We investigated Bacillus cereus–positive tracheal aspirates from infants on ventilators in a neonatal intensive care unit. Multilocus sequence typing determined a genetic match between strains isolated from samples from a case-patient and from the air flow sensor in the ventilator. Changing the sterilization method for sensors to steam autoclaving stopped transmission.

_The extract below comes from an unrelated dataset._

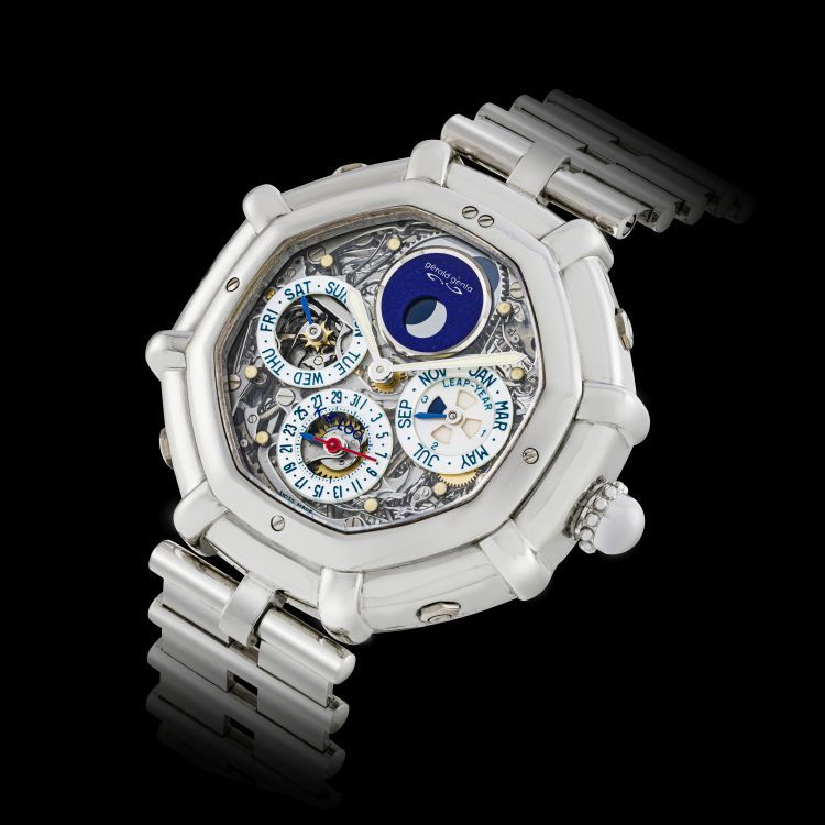 Платиновые скелетонизированные наручные часы Gérald Genta с минутным репетиром и вечным календарем (Christie’s):

Because of ubiquity in the environment, the recovery of Bacillus species from clinical specimens is often considered a clinically inconsequential contamination. Nevertheless, an accumulating body of literature suggests that contamination with this organism should not be routinely dismissed (1). Severe and lethal Bacillus cereus infections have been described in newborn infants, with higher frequency among premature infants. The types of B. cereus infections in newborns included central nervous system, respiratory tract, primary bacteremia, and sepsis (24). Nosocomial outbreaks of B. cereus implicating hospital linens, manual ventilation balloons, contaminated diapers, and contaminated ventilator equipment have also been reported (59).

The Study

The Missouri Department of Health and Senior Services conducted this investigation in response to the hospital’s identification of an increased number of tracheal aspirates that were positive for B. cereus collected from newborns who were on ventilators during March–May, 2011. All tracheal aspirate culture results obtained in the Neonatal Intensive Care Unit (NICU) during January 2010–June 2011 were reviewed. NICU data was also searched for positive B. cereus culture from other specimens, such as blood, body fluids, or tissues. Investigators thoroughly evaluated respiratory management practices in the unit by direct observation, respiratory records review, and an interview with the respiratory therapist.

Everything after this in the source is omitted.